22 August 2009

25. Sacred Hearts

Side note: I was diagnosed with the Swine flu on July 15th and was sick as a dog, so to speak, for two weeks. Because I was so weak that I could barely get out of the bed, I read probably ten books. I am now in the process of getting the reviews done for all of these books. Having not taken vacation days or sick days in years, it was nice to read. However, I wish you all well as the flu season approaches. I would not wish those two weeks on my worst enemy!
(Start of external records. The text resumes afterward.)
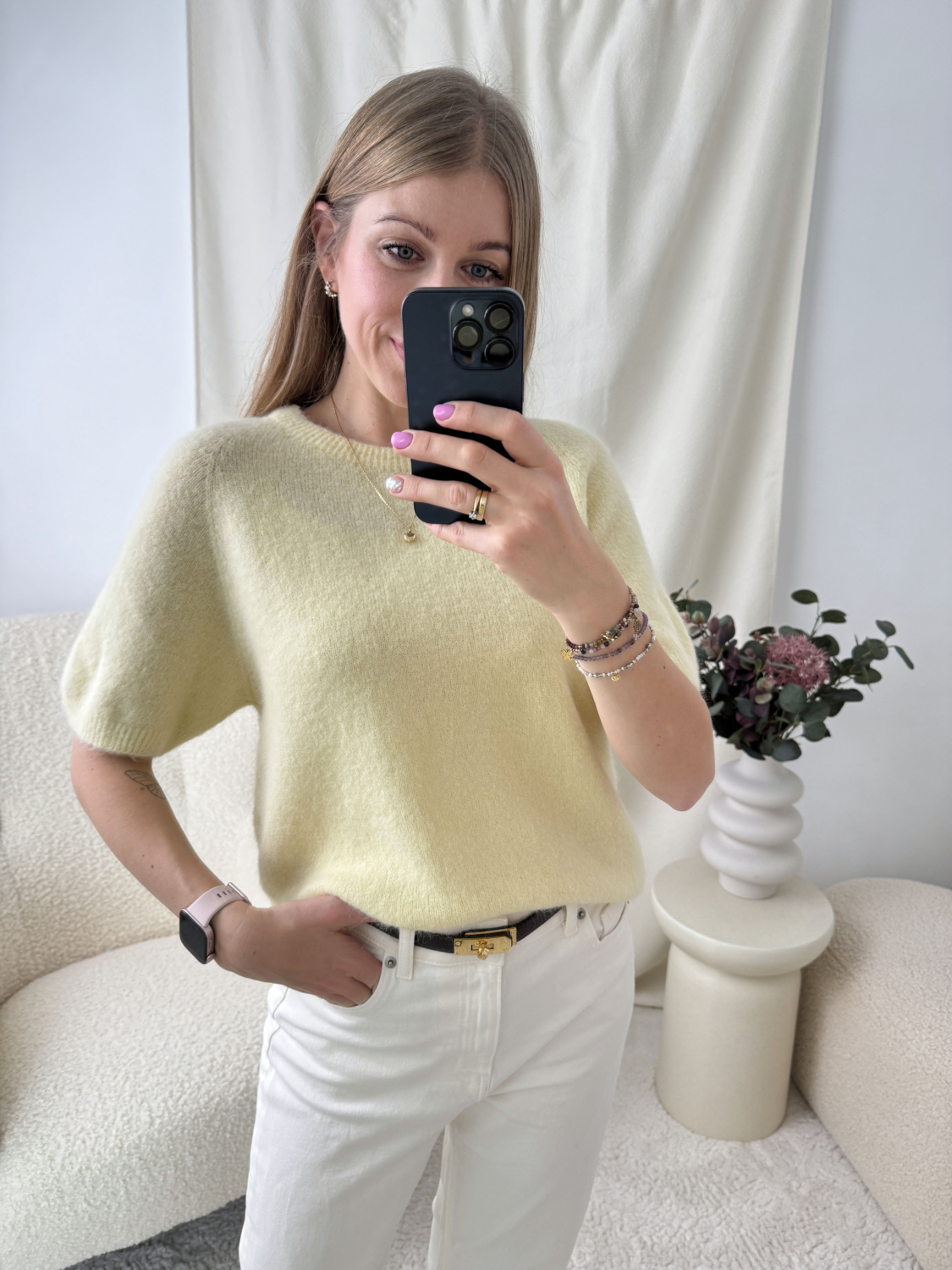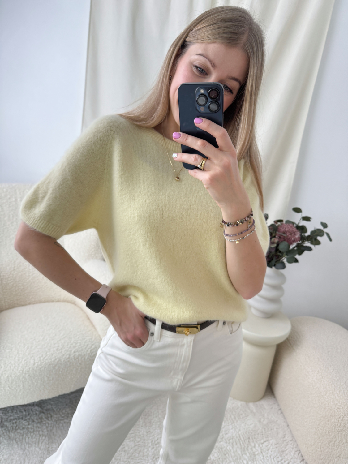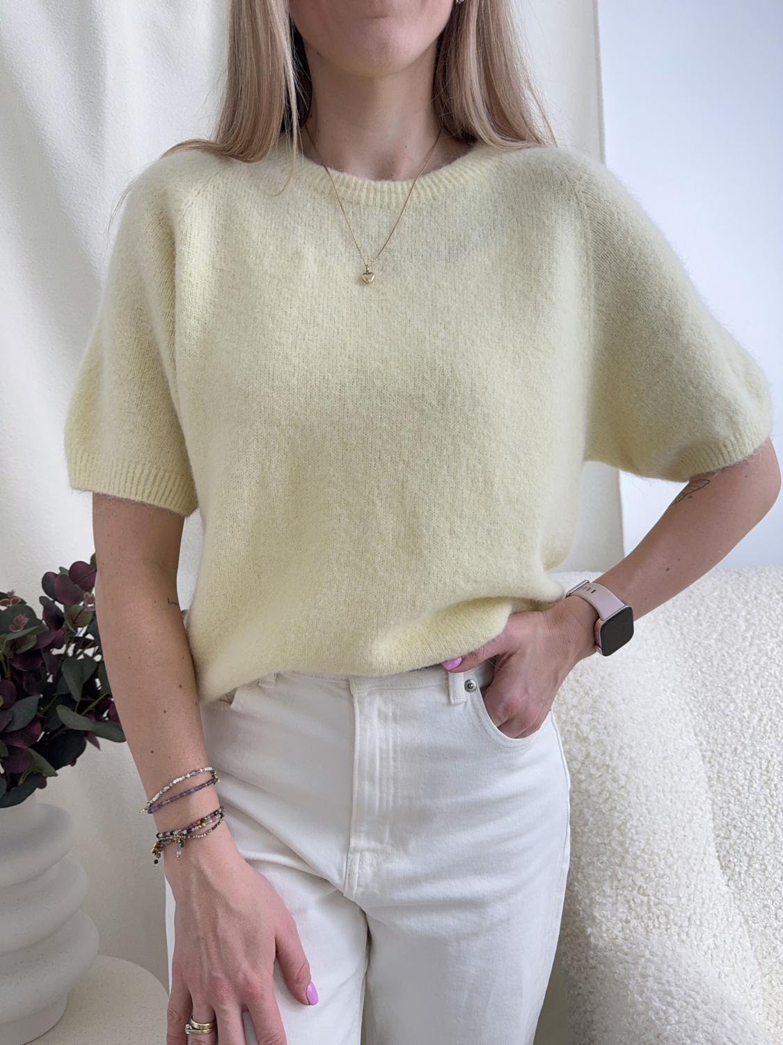 Cytrynowy Sweterek Z Krótkim Rękawkiem
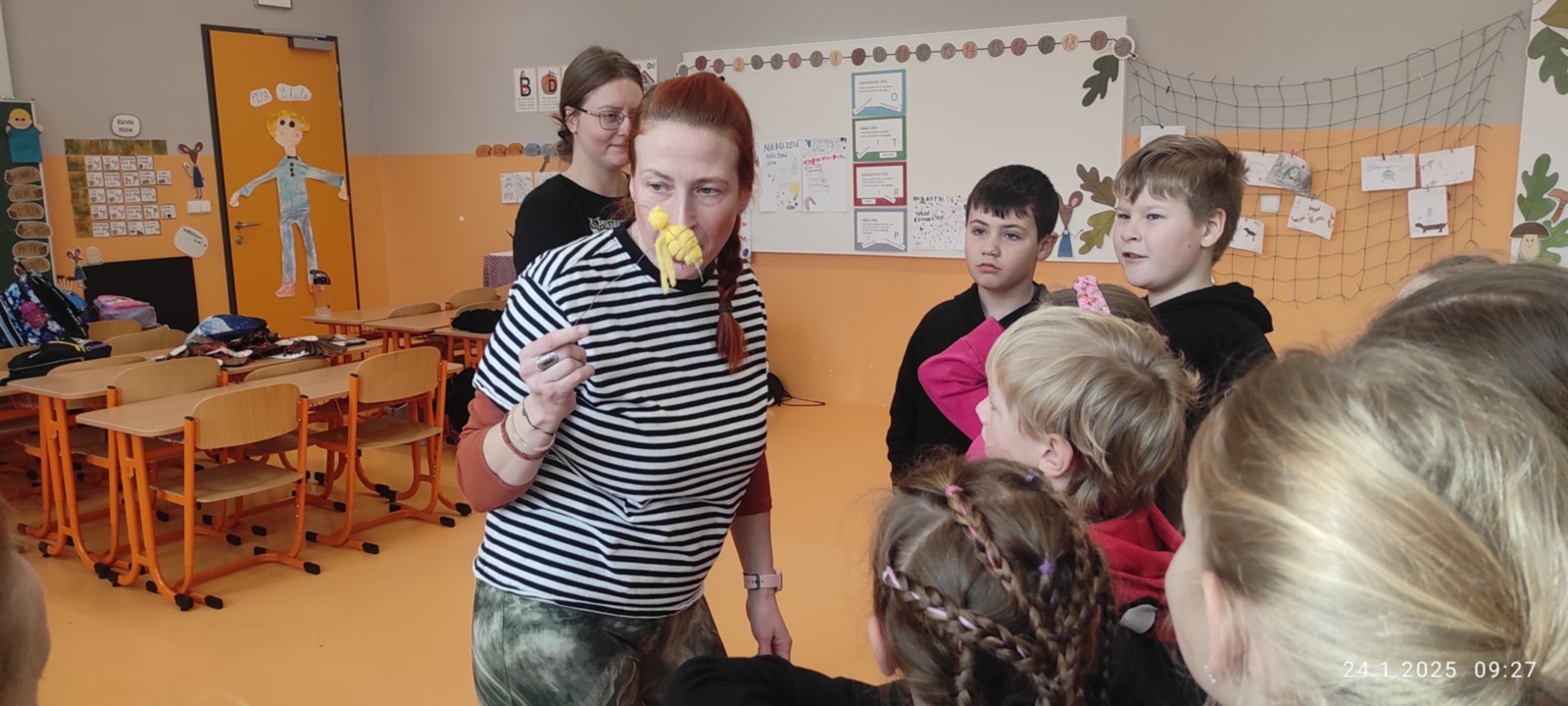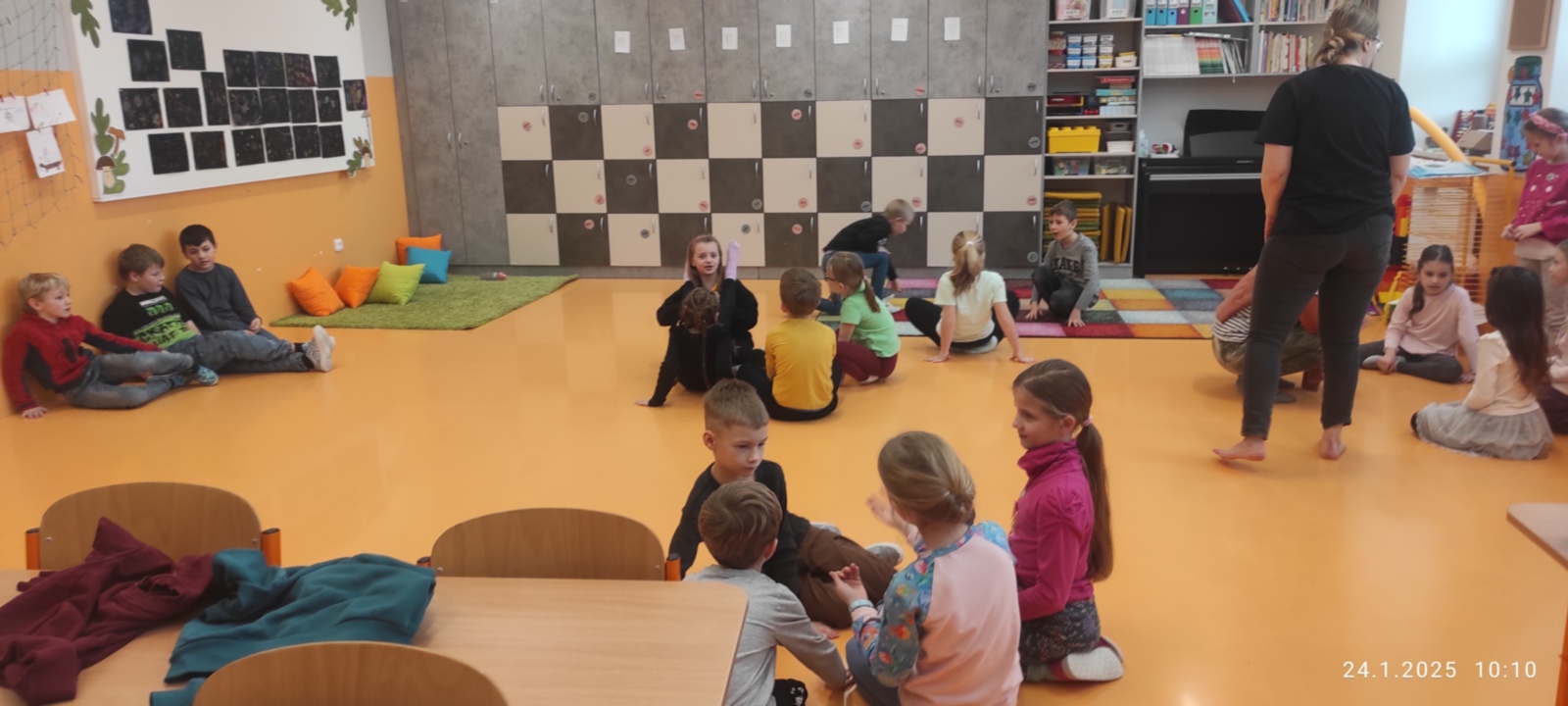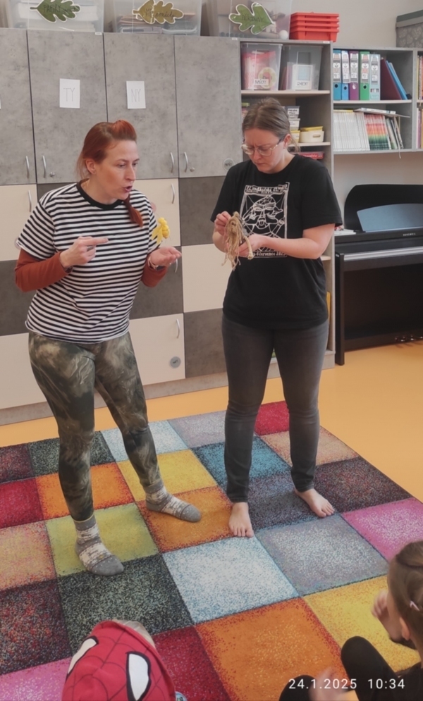 Jak už říká název článku, ocitli jsme se v příběhu o Karlíčkovi- dřevěném panáčkovi a vose. Tomu ale předcházelo povídání o pocitech a vztazích, abychom příběhu nejen porozuměli, ale dokázali jej dokončit a zdramatizovat. Součástí práce byly zábavné hry.
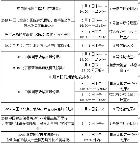 ConstrucTech 2019建筑四新展召開期間還將舉辦多場(chǎng)行業(yè)活動(dòng),包括:2019中國(guó)模板腳手架產(chǎn)業(yè)發(fā)展峰會(huì)、中國(guó)砂漿周系列峰會(huì)、2019中國(guó)地坪技術(shù)與應(yīng)用論壇、2019中國(guó)建筑保溫隔熱行業(yè)質(zhì)量品牌萬(wàn)里行——近零能耗建筑保溫隔熱工程設(shè)計(jì)與應(yīng)用實(shí)踐交流會(huì)、現(xiàn)場(chǎng)施工演示會(huì)、工程項(xiàng)目交流會(huì)、第二屆綠色建筑獎(jiǎng)(GBA金像獎(jiǎng))頒獎(jiǎng)盛典、2019北京模架展年度晚宴、2019北京砂漿展年度晚宴、ConstrucTech建筑師設(shè)計(jì)師對(duì)話等近10余場(chǎng)活動(dòng)。同期活動(dòng)安排如下:
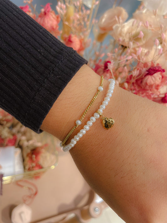 PULSERA PERLA Y DIJE CORAZÓN ORO MARTILLADO
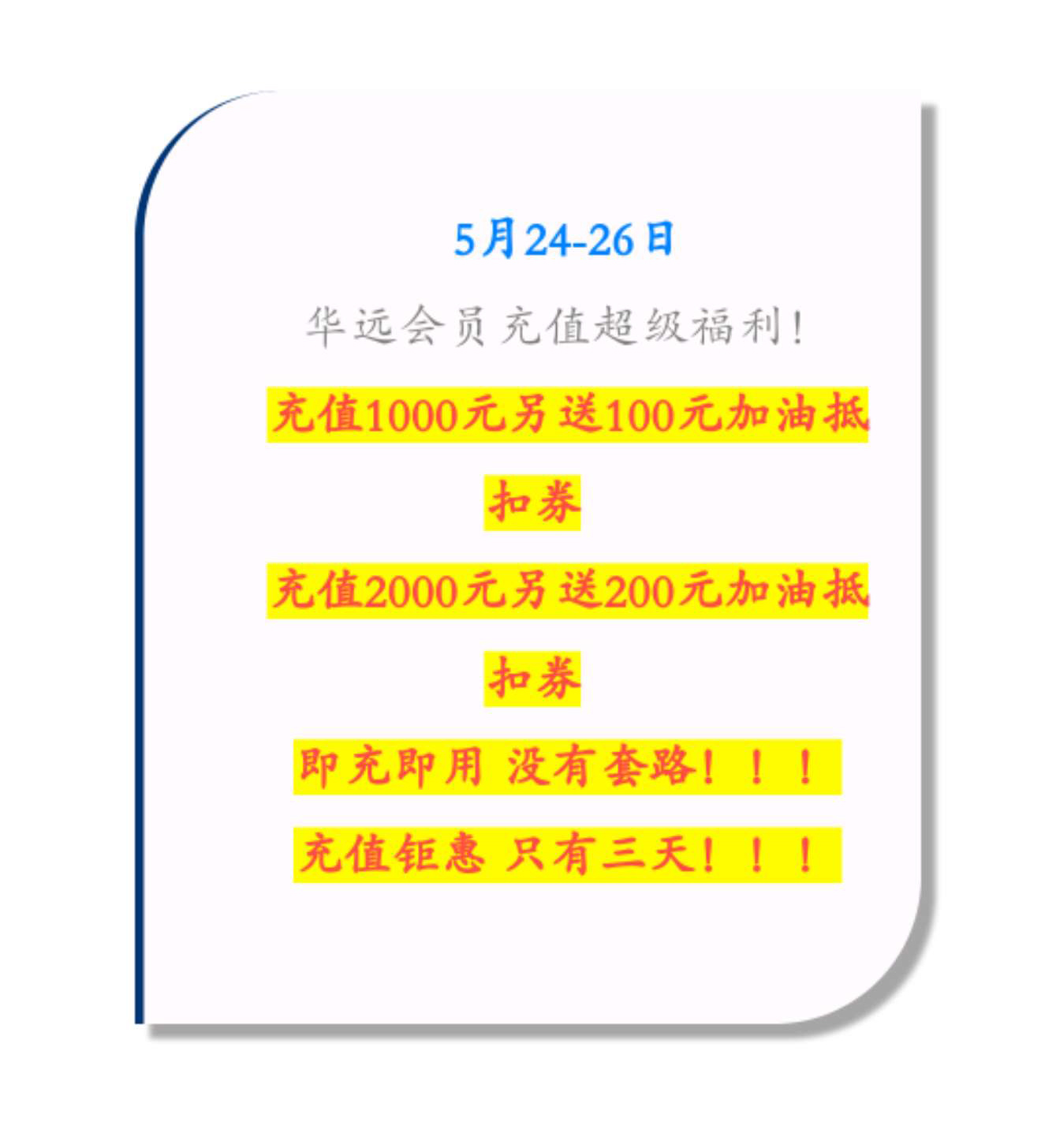 新站開業(yè)鉅惠僅限3天!5月24-26日充值1000送100,會(huì)員日最高優(yōu)惠1元/升!衡陽車主福利最多?。。?/h1>

Thank you to Random House Publishing for the opportunity to read and review Sacred Hearts by Sarah Dunant. I found myself completely caught up in the life of the 16th century Italian convent. In the beginning of the novel, the reader feels much like young Serafina, a noblewoman who was to become a novice against her will – confined with wildly individualistic women who were all the same, nuns with vows of obedience defining their every movement – at least on the outside. As the reader comes to know these women, each has her own personality and difficulties. Serafina longs for her lover and fights against the ebb and flow of the convent. Suora Zuana, the convent’s medicine creator and dispenser, is charged with calming and nurturing the young girl who is none too happy. The nun in charge of the nuns-in-training feels a sense of jealousy over Zuana and Serafina’s relationship, not to mention the closeness of Zuana to the Headmistress, who must ultimately answer to God and men for all of the convent’s triumphs and failures. I enjoyed this book immensely. The twists and turns of convent life were amazingly drawn by Dunant. She gave voice to women who did not always have a voice in their own time.

TITLE: Sacred Hearts
AUTHOR: Sarah Dunant
COPYRIGHT: July 14, 2009
PAGES: 400
TYPE: historical fiction
RECOMMEND: Fascinating and engrossing

20 August 2009

24. Oh!: A mystery of 'mono no aware'

Oh!: A mystery of 'mono no aware' by Todd Shimoda, and beautifully illustrated by Todd’s wife, is a phenomenal experience. The copy I received from the LibraryThing Early Reviewer program was the final production copy. When I held the package in my hands, I wondered why in the world the package was so heavy. Even its arrival created a mystery! I opened the package and held one of the most beautiful books I have ever had the pleasure of seeing – and I work in a library. The cover design is a delight and the pages inside are silky like a fine art book. The chapter dividers are textured to match the beautiful artwork which adds to the story. I could not wait to see how the internal story would hold up to the external package.
I was not disappointed in any way. Shimoda’s story follows Japanese American Zach Hara, a young man who leaves his mundane job and part-time girlfriend in the United States to travel to Japan, hoping to find any emotion within himself. Zack seeks his ancestral past and in the process begins to teach English in a town close to the Aokigahara Forest, which my husband immediately recognized as the place where many people have gone to commit group suicide. Zach’s world becomes wrapped up in one of his students – an elderly gentleman who attempts to help Zach find emotive feelings by focusing on the theory of mono no aware - which might be loosely translated as the sadness of beautiful things. Turning page after beautiful page, the reader is treated to poetry written by Zach, again enhancing the story. Zach becomes immersed in the mystery of his grandfather’s life, the mystery of the disappearance of a young girl, and the mystery of why people commit suicide in groups. Ultimately I think he feels deeply. The writing is exquisite and the last page is as much a joy as the first. I could not put this book down and when I was done I was certain that I understood 'mono no aware'.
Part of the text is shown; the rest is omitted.